Hunched, pale, a streak of yellowish mud painted across her cheek like a tribal cicatrice, she just shrugs. “I don’t know,” she says after a moment, and here’s that stab at a smile again — a good sign, a very good sign—“I’m afraid I’m more of a city girl. But anything for a story, right?”

And now Kelly speaks up — Kelly, definitely Kelly, with her PETA patch and her moon face and pinched disapproving lips. It comes to him that she looks nothing like Suzanne, at least not facially. “What about mudslides,” she says. “I mean, the possibility of a mudslide? You see that depression there, that bowl?” She points to the long scooped-out incline they’ll have to traverse to get up-canyon. “That was a massive slide at one time, you can see it.”

“Yeah, well, we’re just going to have to take that chance, because I’ve been out in weather like this a thousand times — I mean, haven’t you? Haven’t we all? And it might put the pig killers off for a day or two, but you know they’re sitting back oiling their rifles. Just waiting.”

The rain chooses that moment to intensify, a sudden ratcheting up of the ante.
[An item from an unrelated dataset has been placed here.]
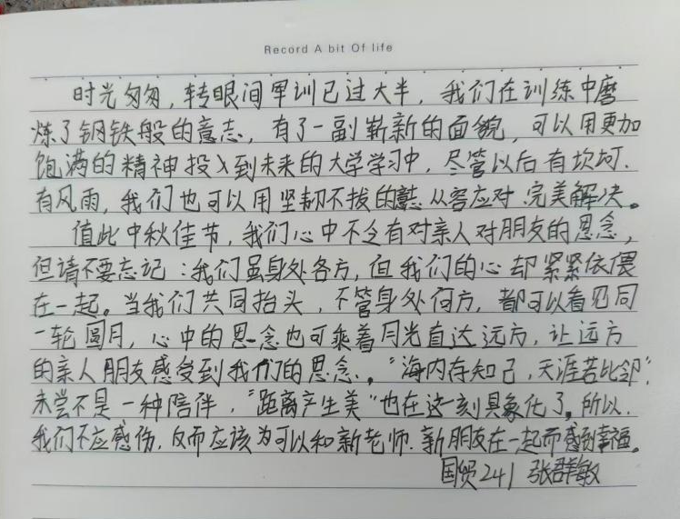学院团委举行“传文明 话中秋 汇文艺 颂党情”新生中秋团建活动,在操场设立中秋邮电箱,新生们以打电话、发短信或书信的方式,给远在他乡的亲朋好友传递思念、分享生活、送上祝福。组织新生拍摄与中秋有关照片,使用涂鸦笔、贴纸等功能进行绘制,形成自己的中秋打卡。此外,新生们在教室举行中秋爱国主义观影活动并书写感悟。

His hair hangs limp beneath the sodden cap, drip, drip, drip. He wants to be reasonable, wants to control these people by controlling himself, but that isn’t an option, not anymore. “Fuck it. I’m not going to stand around debating. You want to stay here, stay, be my guest. But I’m out of here, right now, right this minute.” And he’s moving suddenly, dropping down the slope on the other side, riding a sludge of loose stone and mud in exaggerated steps, so worked up he never even bothers to see if they’re following him — but they are, he knows they are. They have to be.
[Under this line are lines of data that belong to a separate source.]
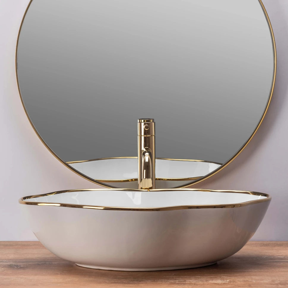 умивальник Rea Pearl 51,5x37,5 gold edge (REA-U0696)
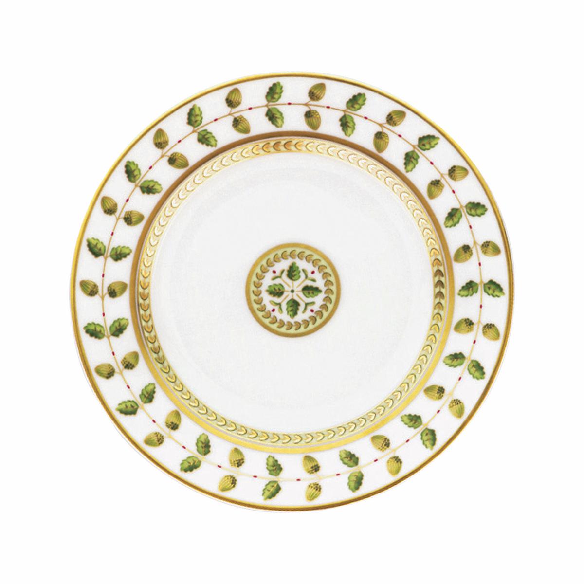 Das Tafelservice "Constance" von Bernardaud ist ideal für ein Herbst-Menü, denn tannengrüne Eichenblätter und Eicheln zieren den weißen Grund. Sie symbolisieren Stärke und Langlebigkeit, haben also auch eine schöne Bedeutung.
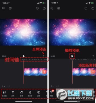 在我们添加完素材后,在主界面会有时间轴展现,这是视频处理中最重要的元素。预览也是很重要的功能,能让我们随时来回查看编辑的效果,来做出调整。

Half an hour later, the rain still coming down and the churning dark water in the ravine rising by the minute, he begins to have second thoughts. He’s feeling the strain in the long muscles of his thighs, the sleeves of his sweatshirt are mud to the elbow because there’s no way to do this without using your hands, and his ankles throb from the effort of maintaining balance on a forty-five-degree slope. And he’s in shape. Which is more than he can say for Toni Walsh or the two pear-shaped girls or even Josh. They’re all strung out behind him in single file, fifty feet above the waterline, grasping at whatever fixed object they can — whether it has thorns or not — to keep themselves upright, and nobody’s saying anything. Cammy’s right behind him, pushing him even, followed by the two girls, then Toni Walsh (gray-faced, wet to the bone, looking like one of the risen dead), and Josh bringing up the rear so he can keep an eye on her. They must have gone half a mile — they’re almost to the first of the waterfalls, where at least they’ll be able to get out of the mud — and they haven’t seen any sign of pigs, hunters, foxes, ravens or anything else. They might as well be on the backside of the moon. Except it doesn’t rain on the moon. And there’s no mud.
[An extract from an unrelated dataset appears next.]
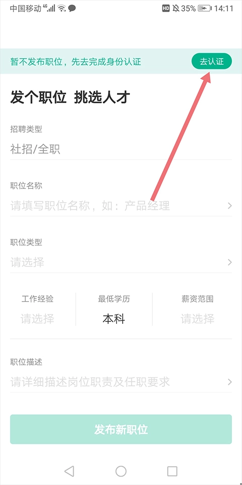 企业Boss、业务部门Leader、HR们都可以在本站免费拉勾招聘,然后安装在手机并打开登录后就可以进入身份认证页面了,在这个页面中企业用户只需要点击【我要招人才】即可在手机上进行企业招聘认证了。

The surprise has been Toni Walsh. He’s been expecting her to give out ever since they began to work their way down the first hill, but every time he glances back, there she is, head down, plodding along. Still, he’s thinking, how much more of this can she take? They need to get up out of the canyon — and soon. Or find a place where she can lie up while he and Josh or Cammy scout ahead, looking for anything that’ll make it worth her while to go on. He’s scanning the terrain where the canyon begins to narrow three or four hundred yards ahead of them — rock and more rock, everything trenched and gouged and spilling with water — when he spots an overhang projecting from the side of the hill like an outsized awning. Encouraged—Finally, he’s thinking — he swings round on Cammy and points emphatically before calling out to the others. “Up there,” he shouts, watching their eyes lift from the vacancy of their faces. “We’ll take a break.”